Myc acts as a music director inside the nucleus of the cell.
“Myc acts as a music director inside the nucleus of the cell – it decides which genes should be turned on and off when a cell needs to divide,” says Soucek. “In normal physiological conditions, it is turned on only when a cell needs to divide, but it gets turned off when its job is done. So you can imagine this function becomes really advantageous for cancer cells, which hijack Myc so that it drives their operation all the time.”
Despite these obstacles, Soucek suspected that the orthodoxy surrounding Myc might be wrong. The reason, simply put, was a lack of evidence.
“I realised there were no data in the literature showing that it wouldn’t work,” she says. “Nobody had tried it for fear that could go wrong – it was a real dogma – but I thought that maybe someone should try it instead of making an assumption. I guess that’s the right attitude for a scientist.”
The path to Peptomyc
Over the next few years, Soucek worked to design a peptide-based inhibitor, which she called Omomyc. This was modelled into the shape of a different protein, known as Max.
“While Myc doesn’t have a good structure, at some point it forms pairs with a partner called Max, creating a nice 3D structure that allows it to recognise DNA and regulate the transcription of genes,” Soucek says. “That’s when it becomes nasty in the case of cancer – when it’s partnered with Max. Omomyc is essentially a fake Max. It pulls Myc into pairs that are not active anymore, and are no longer able to instruct the cells to proliferate.”

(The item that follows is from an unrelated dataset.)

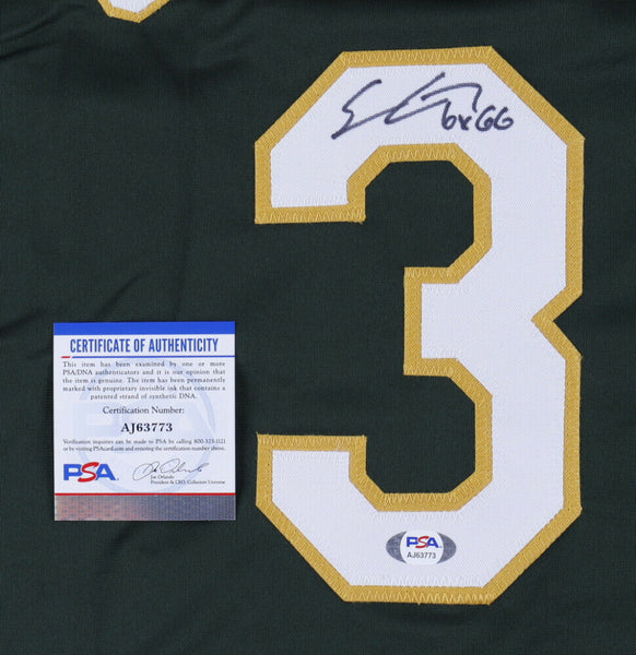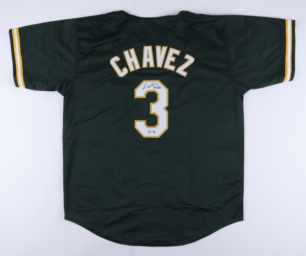 Custom on-field style jersey. Everything sewn on, size XL. Hand-signed in black Sharpie pen by Eric Chavez. The lot / autograph(s) includes an official PSA/DNA hologram and matching COA for authenticity purposes. Authentication: PSA COA

Despite successfully designing the inhibitor, it took many years – and a lot of pushback – before her research was able to advance beyond the lab. Working as a cancer researcher at the Vall d’Hebron Institue of Oncology (VHIO) in Barcelona, Soucek was repeatedly told that Omomyc would never be a cancer therapy.

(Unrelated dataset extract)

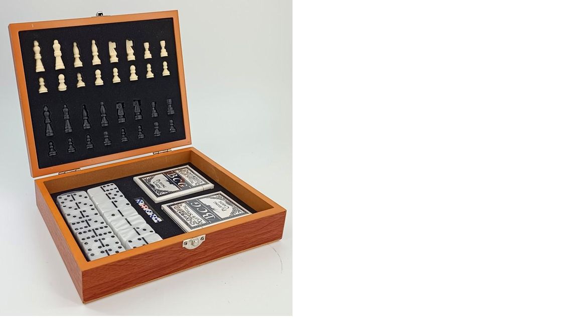Набор игр выполнен из качественных материалов и отличается превосходным внешним видом. Комплект включает в себя шахматы, набор фишек домино и покерные карты с игральными кубиками. Доска для игры выполняет роль футляра, имеющий ячейки для предметов.

What we showed in mouse studies is that Omomyc is beneficial in different types of cancer.
Luckily, her persistence paid off. Her postdoc student Marie-Eve Beaulieu (now CSO of Peptomyc) demonstrated that Omomyc could penetrate cell nuclei, and could be delivered directly to tumour cells as a drug. Soucek and Beaulieu co-founded Peptomyc in 2014.
“We were able to found the company only after a long journey and a lot of obstacles,” she says. “After putting our savings in, we went looking for funding. Talking to venture capitalists was really difficult as we had to translate our scientific language into something that was appealing to investors. We had to learn a new language and a new frame of mind.”

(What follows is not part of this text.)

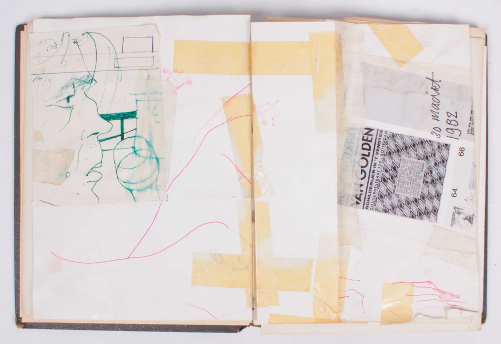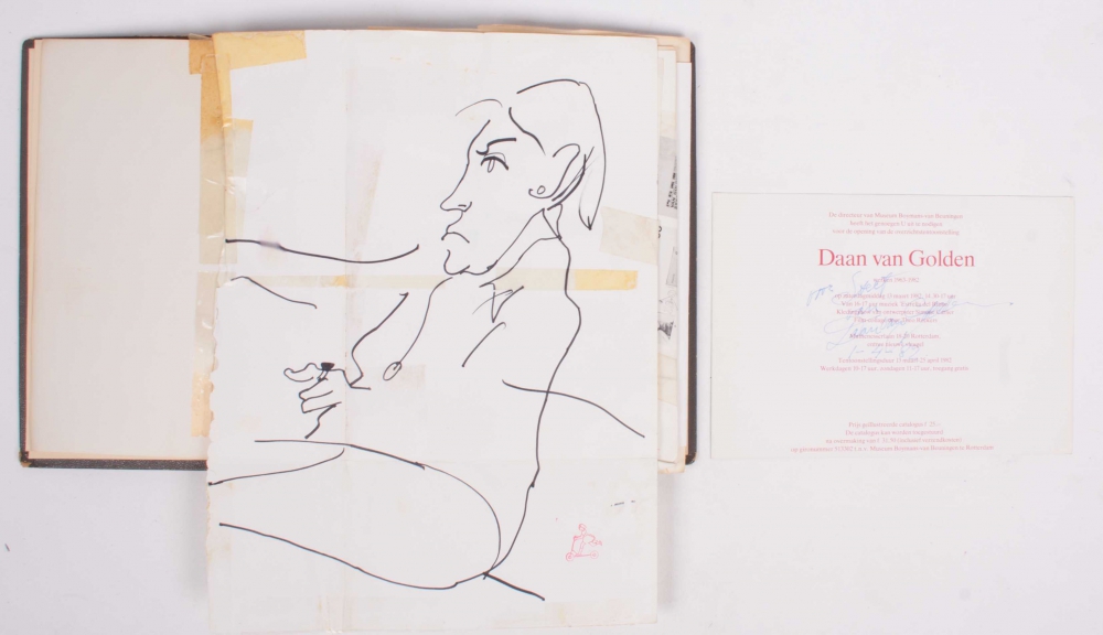 With separately included some extras, including an invitation for a Boymans exhibit in 1982 by Daan van Golden, with signed dedication by the artist, and a collage of various drawings and cuttings with the name Piet van den Heuvel and dated "30 March 1982" in felt pen.

Supported by EIT Health, Soucek and Beaulieu moved out their comfort zone to acquire the necessary business skills. By 2016, they had received €1m in seed funding, followed by a €4.2m series A round in 2017. The team has subsequently become highly adept not just at speaking to investors, but also at curing cancer in mice.
“What we showed in mouse studies is that Omomyc is beneficial in different types of cancer,” says Soucek. “It doesn’t matter what the mutation is – all the types of cancer we looked at need Myc inside the nucleus to execute their programmes.”
The next step will be a Phase I trial in humans, which could get underway as early as next January. Soucek is hoping to guide the product through Phase I and II, before licensing it to a pharma partner that can sponsor a Phase III trial and bring the drug through to market. Initially, it will be trialled in patients with metastatic breast cancer and non-small cell lung cancer, which have some of the lowest survival rates.
This stage, says Soucek, is the ‘moment of truth’, following over 20 years of preliminary research. If the team succeeds, it could be to the benefit of all cancer patients.
“We hope we can attack all types of cancer, and the beauty is normal tissues will not suffer,” Soucek says. “We really want to offer something much gentler and more respectful of normal tissues.”